A billboard displays the message "THE DATA IS IN: LOVE WINS" in blue and black text, promoting "Celebrating Pride, Love & Equality" with the Snowflake logo.
Snowflake Inc. was one of the last unicorn companies of the previous tech era to IPO in 2020. | Source: Courtesy Snowflake

This isn’t to say that relocations don’t happen. Chevron, for example, said it will migrate its headquarters from San Ramon to Houston over the next five years after amassing as many as 7,000 workers in the area. 

Still, corporate workplaces have become increasingly decentralized, prompted by the advancement of technology that enables remote work, says Chris Barwick, vice president of collaboration and business transformation at Cisco Systems, the multinational digital communications technology company based in San Jose. 

Like many tech giants, Cisco started reducing its office footprint in the wake of the pandemic. “We have twice the amount of people now going into half the amount of real estate,” Barwick said, adding that the company does not have in-person mandates for its employees, aided by the fact that it produces products to support remote work. 

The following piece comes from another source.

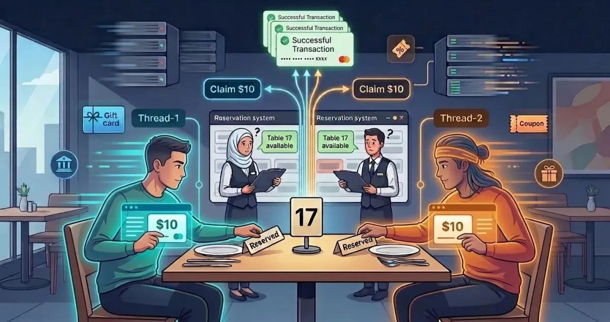 Race conditions are explained using a real-world analogy of two people trying to reserve the same restaurant table at the exact same time. In software, this is known as a Time-of-Check to Time-of-Use (TOCTOU) vulnerability. If two concurrent threads check a bank balance of $100 and both try to withdraw $50 simultaneously, the lack of proper synchronization might allow both withdrawals to process before the system updates the final balance. This occurs frequently due to parallel execution, concurrent database operations, or poorly designed third-party API integrations.

In response to the changing times, Barwick said, Cisco quadrupled the amount of videoconferencing space in its offices and turned every workspace into a “hot desk” that can be booked by anyone ahead of coming into work. “If our employees are only coming in three days a week, then it doesn’t make sense to commit to paying for the real estate for five days a week,” Barwick said. 

“Talent drives our decisions,” he added. “Wherever it emerges in the world, we’re going to want to have a footprint there.”